Top Biden DOJ Official in Hot Water After Failing to Disclose Past Arrest During Senate Confirmation

A top Biden administration Justice Department official was not truthful during her Senate confirmation process in 2021 when she said she had never been arrested for an alleged violent crime.

Assistant Attorney General for the Civil Rights Division Kristen Clarke has served in her position since May 2021.

However, according to news reports, she had an arrest record that was not disclosed when she was narrowly confirmed by the Senate, which led to calls for her resignation.

Clarke’s past became an issue earlier this week when The Daily Signal reported Tuesday she had previously been arrested and accused of slicing her former husband’s finger to the bone with a knife.

The Signal unearthed a text message exchange involving Clark’s former husband, who was candid about the incident.

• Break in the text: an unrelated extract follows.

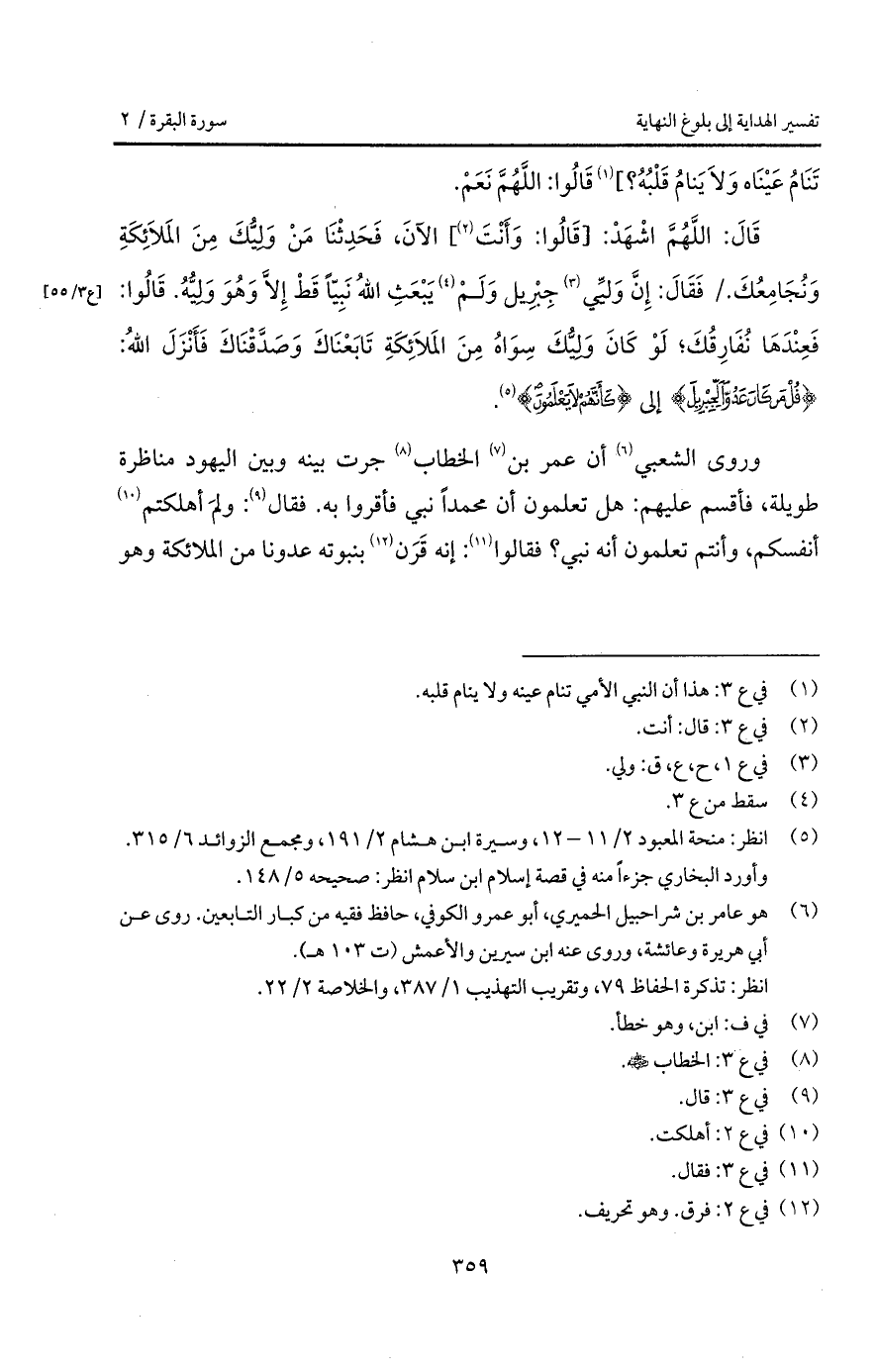 وروى الشعبي أن عمر بن الخطاب جرت بينه وبين اليهود مناظرة طويلة، فأقسم عليهم: هل تعلمون أن محمداً نبي فأقروا به. فقال: ولمَ أهلكتم أنفسكم، وأنتم تعلمون أنه نبي؟ فقالوا: إنه قَرَن بنبوته عدونا من الملائكة وهو

“I was seeing another woman,” Reginald Avery texted in a May 2021 exchange with Tom Jones of the American Accountability Foundation, which shared it in a post on social media platform X. (Warning: The text exchange contains language that some may find offensive.)

“She was angry,” Avery added of the 2006 incident at their Maryland home that led to his then-wife’s arrest, the Signal reported. “Attacked me with a knife. I instinctively grabbed it. As I said earlier, I’m not blameless.”

“That’s the story,” he concluded. “That’s what happened. She went to jail.”

After reading the reporting, Republican Sen. Mike Lee of Utah was among scores of people who called on Clarke to resign for not disclosing the arrest.

Clarke acknowledged Wednesday that she was not truthful about being arrested during her marriage and said she had been a victim of domestic violence.

“Nearly 2 decades ago, I was subjected to years-long abuse and domestic violence at the hands of my ex-husband,” Clarke said in a statement to CNN.

Clarke added:

“This was a terrorizing and traumatizing period that I have sought to put behind me to promote my personal health, healing and well-being. The physical and emotional scars, the emotional abuse and exploitation, and the lying are things that no woman or mother should ever have to endure.”

Clark concluded that because of an expungement of her record, she did not feel it was necessary to reveal the incident when she was up for a top job at the DOJ.

“When given the option to speak about such traumatic incidents in my life, I have chosen not to,” she said. “I didn’t believe during my confirmation process and I don’t believe now that I was obligated to share a fully expunged matter from my past.”

When Clarke was nominated for her current role, she filled out a questionnaire from Lee in which she was asked numerous questions about her past.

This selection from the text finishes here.